Do you hate your small kitchen? Yes, designing a smaller sized kitchen can be a challenge especially if you require more storage space or if navigating the room is a bit difficult. Now is the time to implement clever design tricks to create a sense of openness while maximizing function. Here are some easy ways to get the most out of your small kitchen.

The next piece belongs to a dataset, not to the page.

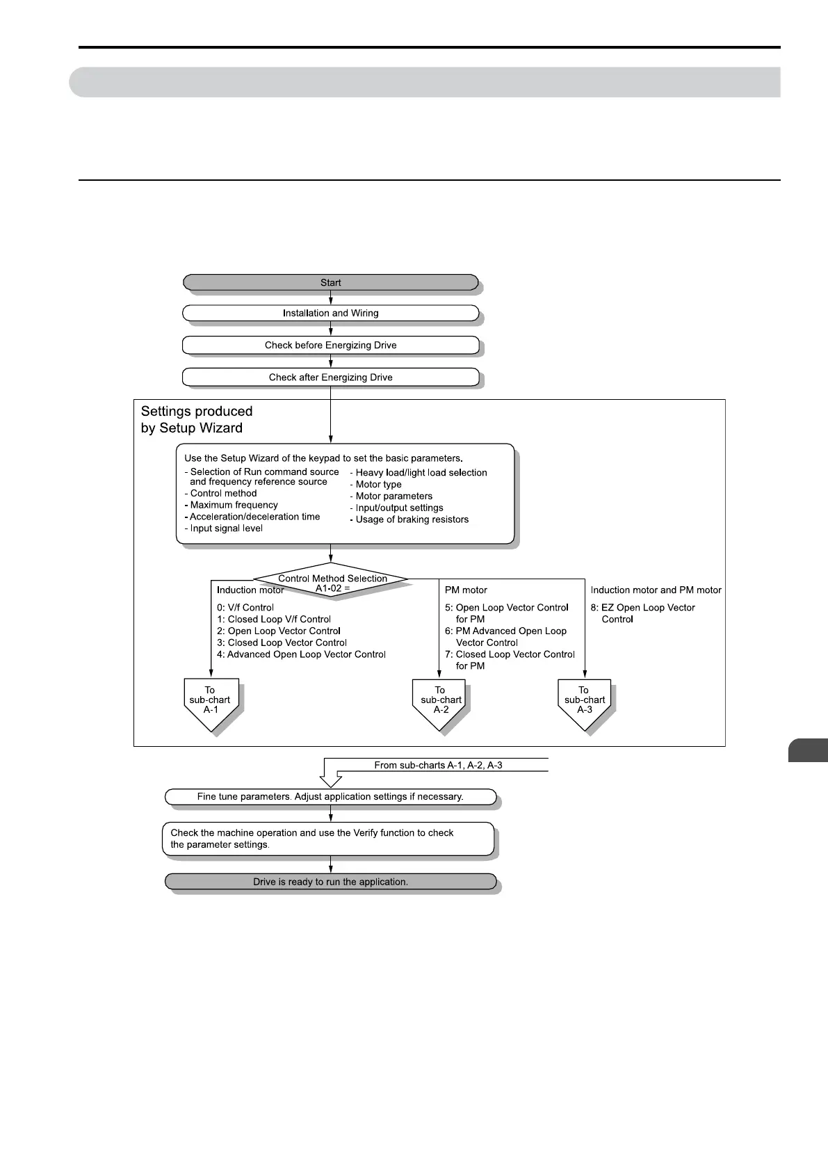 Flowchart A shows a basic start-up sequence to connect and run a motor with a minimum of setting changes.

Consider an Open Island Cart
The idea of a traditional island may sound appealing but if it’s not realistic for the space you’re working with opt for an open island cart. An island cart that is open on all sides is ideal because it provides a barely there look while providing lots of useful storage area. If the island cart is movable you can always push the cart against the counter when you need to navigate the kitchen.
Floating Open Shelves
The floating open shelves look isn’t a new concept but a trendy alternative to the solution is to install a few open shelves above your main wall of cabinets. This provides extra storage areas without boxing in sight lines. In addition, a floating shelf peninsula provides a great visual spot to place items and your guests will free to grab items that they might need.

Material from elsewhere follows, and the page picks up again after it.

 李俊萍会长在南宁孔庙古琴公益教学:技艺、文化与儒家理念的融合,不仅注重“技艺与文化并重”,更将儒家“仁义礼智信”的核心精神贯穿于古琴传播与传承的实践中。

Move the Kitchen Cabinets Higher
Generally, upper kitchen cabinets start at least twenty inches above the counter. However, if your kitchen is feeling especially tiny you can create a sense of openness by starting them 25-30 inches higher than normal. Believe it or not, the visual break in design can make a huge impact. You just may have to use a stool to reach in the cabinets.
A Mirrored Backsplash
Another way you can make a tiny kitchen feel spacious is to install a mirrored backsplash over the kitchen sink. If you don’t have an open wall, the mirrored backsplash will give the illusion of more depth beyond the counters.
Contrasting Dark or Light
When it comes to making a kitchen feel larger you may think using darker colors will have the opposite effect. However, contrasting with light and dark hues will have an optical effect that actually makes the kitchen seem larger than it actually is. For instance, using shades of grey or brown against white countertops makes the wall visually recede.